The California Immigrant Policy Center estimates that the state's immigrants pay $30 billion in federal taxes, $5.2 billion in state income taxes, and $4.6 billion in sales taxes each year.
The Selig Center for Economic Growth calculates that the purchasing power of Latino and Asian consumers in California totaled $412 billion in 2008 nearly one-third of the state's total purchasing power.
The U.S. Census Bureau found that California businesses owned by Latinos and Asians constituted more than one-quarter of all businesses in the state as of 2002, employing 1.2 million people and generating sales and receipts of $183 billion.

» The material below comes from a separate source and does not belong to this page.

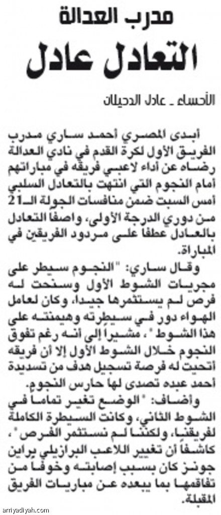 أبدى المصري أحمد ساري مدرب الفريق الأول لكرة القدم في نادي العدالة رضاه عن أداء لاعبي فريقه في مباراتهم أمام النجوم التي انتهت بالتعادل السلبي أمس السبت ضمن منافسات الجولة الـ21 من دوري الدرجة الأولى، واصفاً التعادل بالعادل عطفاً على مردود الفريقين في المباراة.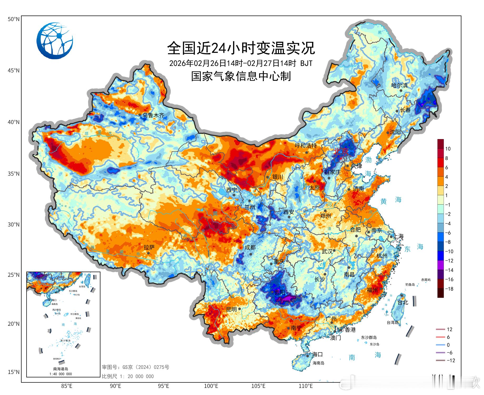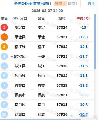 【气温波动】今天气温的起伏,主要还是和阴晴变化有关。贵州因为云量增多,叠加冷空气南下,包揽了14时降温榜前十:贵定降13℃、平塘降12.8℃、榕江降12.3℃,排名前三。而昨天榕江还是升温榜的榜首。此外华北、东北部分地区降温也比较明显。黑龙江东宁降10℃、河北滦平降9.9℃、北京密云上甸子降9.8℃。

When it comes to undocumented immigration, there is another crucial economic question: What would cost more, deporting 12 million undocumented immigrants, or offering them a pathway to legal status? The "deport them all" option would cost hundreds of billions of dollars and remove workers, taxpayers, and consumers from the economy during a recession. A legalization program would increase the tax contributions and purchasing power of formerly undocumented workers and consumers, while avoiding the economic and human costs of large-scale deportations. Which of these alternatives makes the most economic sense?
Walter Ewing is a senior researcher at the Immigration Policy Center in Washington, D.C.